Крестилась смазавшая краску с лица, но явно собравшаяся после церкви прямо на работу в какой-нибудь валютный бар разноцветноволосая красотка в черных чулках с вышитыми на них серебряными розами и настолько минимальной мини, что из-под нее чуть белел кружевной треугольничек трусиков.

Крестился лилипут со сморщенным, как печеное яблоко, личиком, а лилипутка его возраста — может быть, его уже крещеная жена — промокала влажные кукольные глаза батистовым платочком, стоя рядом со мной и Машей в небольшой, трогательно целомудренной толпе, наблюдающей крещение.

И благовонный дым раскачиваемого кадила над головами крестившихся, и невыветриваемый из памяти трупный запах стольких невинно убиенных, и тонкий аромат лепестков шиповника, взошедшего на крови, и прерывистое дыхание новообращенных христиан — все это и было воздухом родины, которая дается один раз в жизни и не заменяется ничем.

— Я хочу окрестить наших детей, принять крещение сама и обвенчаться с тобой, — прошептала Маша.

Когда я преподавал весной 1991 года русскую поэзию в Пенсильванском университете, в местной православной церкви, заложенной в конце прошлого века моряками знаменитого крейсера «Варяг», построенного на филадельфийской верфи, состоялся мой первый церковный брак.

Над нашими головами качались венцы в затекших руках друзей под благословляющий голос бельгийца — отца Марка, выучившего русский язык до почти санкт-петербургского, но еще дореволюционного произношения.

Белая кружевная накидка на голове невесты-жены была похожа на прилетевший ее благословить в Америку кусочек озерного карельского тумана, а по полу церкви ползали наши дети, неукротимо жужжа заводными автомобильчиками.

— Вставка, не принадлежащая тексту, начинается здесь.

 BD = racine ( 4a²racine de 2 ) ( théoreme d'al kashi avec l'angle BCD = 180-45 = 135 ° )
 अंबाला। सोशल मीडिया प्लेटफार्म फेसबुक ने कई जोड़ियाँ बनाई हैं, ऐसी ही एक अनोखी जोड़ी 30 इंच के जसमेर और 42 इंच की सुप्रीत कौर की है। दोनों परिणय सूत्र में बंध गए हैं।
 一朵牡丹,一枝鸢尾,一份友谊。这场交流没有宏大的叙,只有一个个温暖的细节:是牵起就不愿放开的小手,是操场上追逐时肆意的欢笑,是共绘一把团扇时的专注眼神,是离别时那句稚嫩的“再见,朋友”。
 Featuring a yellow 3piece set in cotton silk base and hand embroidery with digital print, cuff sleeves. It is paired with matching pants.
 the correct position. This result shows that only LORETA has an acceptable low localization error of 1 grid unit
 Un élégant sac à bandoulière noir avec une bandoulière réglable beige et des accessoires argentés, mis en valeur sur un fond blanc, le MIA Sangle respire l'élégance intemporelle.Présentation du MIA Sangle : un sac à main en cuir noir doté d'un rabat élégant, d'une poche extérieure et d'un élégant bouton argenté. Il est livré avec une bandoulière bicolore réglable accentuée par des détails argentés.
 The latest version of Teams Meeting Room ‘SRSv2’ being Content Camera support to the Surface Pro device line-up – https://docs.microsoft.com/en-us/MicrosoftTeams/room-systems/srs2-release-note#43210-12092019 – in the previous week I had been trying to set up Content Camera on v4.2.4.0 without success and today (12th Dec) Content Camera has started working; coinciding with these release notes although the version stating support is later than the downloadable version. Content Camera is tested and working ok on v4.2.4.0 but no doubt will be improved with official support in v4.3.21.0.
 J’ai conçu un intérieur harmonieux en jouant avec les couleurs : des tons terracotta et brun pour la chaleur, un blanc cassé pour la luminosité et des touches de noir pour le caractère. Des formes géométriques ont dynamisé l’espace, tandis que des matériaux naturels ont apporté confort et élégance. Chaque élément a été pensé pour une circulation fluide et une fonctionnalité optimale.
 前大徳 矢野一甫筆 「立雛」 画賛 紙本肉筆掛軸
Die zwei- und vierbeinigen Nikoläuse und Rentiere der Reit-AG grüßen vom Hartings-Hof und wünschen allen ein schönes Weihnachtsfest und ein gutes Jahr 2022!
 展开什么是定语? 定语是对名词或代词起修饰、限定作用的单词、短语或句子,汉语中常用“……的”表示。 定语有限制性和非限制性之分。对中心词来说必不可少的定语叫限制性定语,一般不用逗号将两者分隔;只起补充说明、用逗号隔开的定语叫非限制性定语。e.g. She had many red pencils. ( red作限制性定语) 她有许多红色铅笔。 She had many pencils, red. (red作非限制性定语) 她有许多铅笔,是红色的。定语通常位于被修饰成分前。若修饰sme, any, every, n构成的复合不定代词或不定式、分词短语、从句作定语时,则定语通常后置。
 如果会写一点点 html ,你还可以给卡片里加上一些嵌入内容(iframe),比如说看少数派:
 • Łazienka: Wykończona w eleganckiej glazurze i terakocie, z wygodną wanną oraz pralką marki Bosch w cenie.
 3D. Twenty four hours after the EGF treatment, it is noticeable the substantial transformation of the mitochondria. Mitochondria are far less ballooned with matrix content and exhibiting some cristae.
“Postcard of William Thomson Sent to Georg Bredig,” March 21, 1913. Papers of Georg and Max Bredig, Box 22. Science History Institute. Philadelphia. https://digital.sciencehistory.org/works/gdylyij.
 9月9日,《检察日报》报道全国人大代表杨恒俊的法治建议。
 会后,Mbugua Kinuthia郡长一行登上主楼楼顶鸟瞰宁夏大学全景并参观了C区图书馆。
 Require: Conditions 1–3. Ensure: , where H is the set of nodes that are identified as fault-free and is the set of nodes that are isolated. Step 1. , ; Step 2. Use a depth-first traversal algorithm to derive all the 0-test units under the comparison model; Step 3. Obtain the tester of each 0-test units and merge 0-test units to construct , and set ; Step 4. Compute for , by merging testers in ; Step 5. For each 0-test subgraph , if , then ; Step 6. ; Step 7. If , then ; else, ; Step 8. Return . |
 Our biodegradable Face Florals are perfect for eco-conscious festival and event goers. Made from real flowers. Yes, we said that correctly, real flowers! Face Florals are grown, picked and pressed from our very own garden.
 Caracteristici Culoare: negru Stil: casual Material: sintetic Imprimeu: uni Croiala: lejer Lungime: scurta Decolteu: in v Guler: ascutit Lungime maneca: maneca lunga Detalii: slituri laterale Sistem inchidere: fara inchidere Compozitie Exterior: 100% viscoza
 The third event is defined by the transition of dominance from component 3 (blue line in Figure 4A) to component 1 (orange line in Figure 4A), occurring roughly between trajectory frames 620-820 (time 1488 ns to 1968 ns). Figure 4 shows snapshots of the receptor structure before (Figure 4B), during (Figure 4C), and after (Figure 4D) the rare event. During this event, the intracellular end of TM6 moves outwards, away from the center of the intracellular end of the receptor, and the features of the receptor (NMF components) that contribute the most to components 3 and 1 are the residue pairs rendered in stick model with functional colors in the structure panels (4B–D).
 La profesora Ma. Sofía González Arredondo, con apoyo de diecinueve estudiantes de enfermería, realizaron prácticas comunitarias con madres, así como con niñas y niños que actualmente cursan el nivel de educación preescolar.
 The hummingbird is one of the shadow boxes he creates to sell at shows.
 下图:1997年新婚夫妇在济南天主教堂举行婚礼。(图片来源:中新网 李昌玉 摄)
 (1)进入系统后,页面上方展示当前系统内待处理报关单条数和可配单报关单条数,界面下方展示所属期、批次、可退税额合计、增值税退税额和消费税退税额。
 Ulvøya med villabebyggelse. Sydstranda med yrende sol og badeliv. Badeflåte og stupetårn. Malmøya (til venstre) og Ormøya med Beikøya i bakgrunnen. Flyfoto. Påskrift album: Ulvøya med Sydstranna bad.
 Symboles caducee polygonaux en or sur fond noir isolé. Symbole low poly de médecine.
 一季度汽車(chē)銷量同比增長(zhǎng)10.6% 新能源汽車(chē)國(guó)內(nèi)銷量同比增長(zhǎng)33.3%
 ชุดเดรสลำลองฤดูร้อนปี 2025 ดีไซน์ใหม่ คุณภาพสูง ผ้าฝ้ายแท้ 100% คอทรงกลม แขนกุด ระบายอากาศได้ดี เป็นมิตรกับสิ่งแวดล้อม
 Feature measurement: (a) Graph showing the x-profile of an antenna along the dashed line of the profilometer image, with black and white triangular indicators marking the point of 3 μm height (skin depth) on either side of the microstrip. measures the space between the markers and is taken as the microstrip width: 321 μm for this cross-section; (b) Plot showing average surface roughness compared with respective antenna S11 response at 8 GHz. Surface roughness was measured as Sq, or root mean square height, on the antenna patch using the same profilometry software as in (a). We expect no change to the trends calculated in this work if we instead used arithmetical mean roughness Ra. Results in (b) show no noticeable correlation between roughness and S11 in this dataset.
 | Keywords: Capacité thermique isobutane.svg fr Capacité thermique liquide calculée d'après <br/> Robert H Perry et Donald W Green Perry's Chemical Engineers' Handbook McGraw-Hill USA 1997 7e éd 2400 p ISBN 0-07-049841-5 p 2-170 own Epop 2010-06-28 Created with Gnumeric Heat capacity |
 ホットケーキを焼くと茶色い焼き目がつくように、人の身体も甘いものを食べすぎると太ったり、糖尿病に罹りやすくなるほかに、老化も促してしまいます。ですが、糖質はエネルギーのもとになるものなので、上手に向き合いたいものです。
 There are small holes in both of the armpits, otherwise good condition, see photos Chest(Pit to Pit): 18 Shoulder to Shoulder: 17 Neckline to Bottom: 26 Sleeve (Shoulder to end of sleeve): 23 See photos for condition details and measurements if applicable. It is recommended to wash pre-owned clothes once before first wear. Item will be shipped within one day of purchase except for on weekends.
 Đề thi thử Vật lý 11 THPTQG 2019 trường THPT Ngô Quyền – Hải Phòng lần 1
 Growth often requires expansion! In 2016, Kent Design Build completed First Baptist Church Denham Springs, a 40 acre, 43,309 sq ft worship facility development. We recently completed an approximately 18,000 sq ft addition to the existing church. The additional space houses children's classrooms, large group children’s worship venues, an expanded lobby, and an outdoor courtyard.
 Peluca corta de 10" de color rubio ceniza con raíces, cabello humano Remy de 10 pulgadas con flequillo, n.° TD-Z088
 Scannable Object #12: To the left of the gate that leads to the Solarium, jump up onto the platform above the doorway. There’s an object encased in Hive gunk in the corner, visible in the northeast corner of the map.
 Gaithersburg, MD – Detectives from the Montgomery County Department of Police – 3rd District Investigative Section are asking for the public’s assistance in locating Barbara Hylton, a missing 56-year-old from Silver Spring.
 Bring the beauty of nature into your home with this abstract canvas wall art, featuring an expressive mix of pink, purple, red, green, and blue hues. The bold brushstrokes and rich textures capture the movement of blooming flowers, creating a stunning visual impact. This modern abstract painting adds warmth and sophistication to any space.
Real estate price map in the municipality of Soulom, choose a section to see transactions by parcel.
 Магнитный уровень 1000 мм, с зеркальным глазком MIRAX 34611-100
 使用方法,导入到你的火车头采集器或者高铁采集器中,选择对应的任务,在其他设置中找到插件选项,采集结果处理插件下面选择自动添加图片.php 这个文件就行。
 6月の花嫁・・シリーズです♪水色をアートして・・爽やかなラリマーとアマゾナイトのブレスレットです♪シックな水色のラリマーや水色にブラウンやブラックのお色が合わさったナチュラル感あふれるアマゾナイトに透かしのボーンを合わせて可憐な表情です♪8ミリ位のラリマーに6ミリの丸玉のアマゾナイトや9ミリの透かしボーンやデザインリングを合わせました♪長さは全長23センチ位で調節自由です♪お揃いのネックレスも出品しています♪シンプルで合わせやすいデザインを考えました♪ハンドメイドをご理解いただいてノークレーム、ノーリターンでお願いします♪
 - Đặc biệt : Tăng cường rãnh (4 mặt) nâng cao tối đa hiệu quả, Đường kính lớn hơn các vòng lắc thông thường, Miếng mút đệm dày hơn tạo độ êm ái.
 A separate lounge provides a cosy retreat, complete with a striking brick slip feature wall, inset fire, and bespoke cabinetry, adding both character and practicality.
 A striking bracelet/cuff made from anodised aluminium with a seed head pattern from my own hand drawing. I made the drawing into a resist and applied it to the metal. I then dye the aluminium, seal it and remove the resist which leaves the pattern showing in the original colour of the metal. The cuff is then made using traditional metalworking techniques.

Вскоре мы возвратились в Москву и не предполагали всего того, что в этом году еще случится с нашей родиной и нами и что нам еще вспомнятся строки из песни о крейсере «Варяг»:

Наверх вы, товарищи, все по местам!

Последний парад наступает!

После бессонной переделкинской ночи с 18 на 19 августа когда мне не давал спать почти волчьим воем умирающий от безнадежной любви Бим и сам я безмолвно подвывал ему, мучительно и нежно перебирая всю мою жизнь, — мне еле-еле уда-лось заснуть лишь под утро.

Но спать мне пришлось недолго.

Около девяти утра меня разбудил телефонный звонок и хриплый голос моей сестры Лели:

— Мишу сняли.

— Мишу Каца? — спросил я о нашем общем добром гении — инженере из Донецка, который хоть не вышел росточком, зато удался душой и принадлежал к вымирающему племени людей, которые звонят и сами спрашивают: «Тебе не надо чем-нибудь помочь?»

Так за что же могли снять Мишу, который в праздничные дни гордо надевал маленькое металлическое знамя с надписью «Гвардия», и был таким сентиментальным интернационалистом, как будто родился не евреем, не русским, а еврусским и, может быть, оказался единственным на свете экземпляром случайно удавшегося коммунистического человека? Так за что же могли снять Мишу, кто, как Дед Мороз, у которого Новый год был летом, посылал нам с донецкими проводницами то ведро руби-ново мерцающих вишен, то корзину огромных, как торпеды, баклажан, то, наконец, соленые арбузы, секрет которых Миша хранил зарытым, как под одиноким кустиком, где-то под одним из последних черненьких с подседью кудеречков на окраине своей лысины, добро светящей человечеству, как маленький маяк участливости?

— Да нет, не Мишу Каца, — прервала меня Леля. — Горбачена сняли. Включи телевизор.

Сколько раз умирал Брежнев?

Я люблю свою сестру Лелю, хотя не дай Бог попасть под ее горячую руку, а особенно под горячий язык, ибо Барков, Лимонов, Ерофеев (Виктор) и другие выдающиеся лингвисты — просто-напросто жалкие приготовишки по сравнению с ослепительными перлами изысканных неприличий в сокровищнице памяти моей сестры.

Леля — великая недооцененная актриса, хотя в какой-то степени все актрисы — недооцененные. Когда я увидел ее фотопробу на Анну Иоанновну, у меня аж мурашки поползли по коже — до того императрица была устрашающе величава, как будто обливала все человечество холодной водой своего взгляда на морозе в ледяном доме короткого, но жестокого царства. Леля блестяще исполняла в концертах реквием по безвозвратно уходящей под воду деревенской Атлантиде одного сибирского писателя, конечно не предполагая того, что впоследствии вместе с будущими заговорщиками он поставит свою подпись под призывом спасти империю, которая когда-то и потопила эту Атлантиду.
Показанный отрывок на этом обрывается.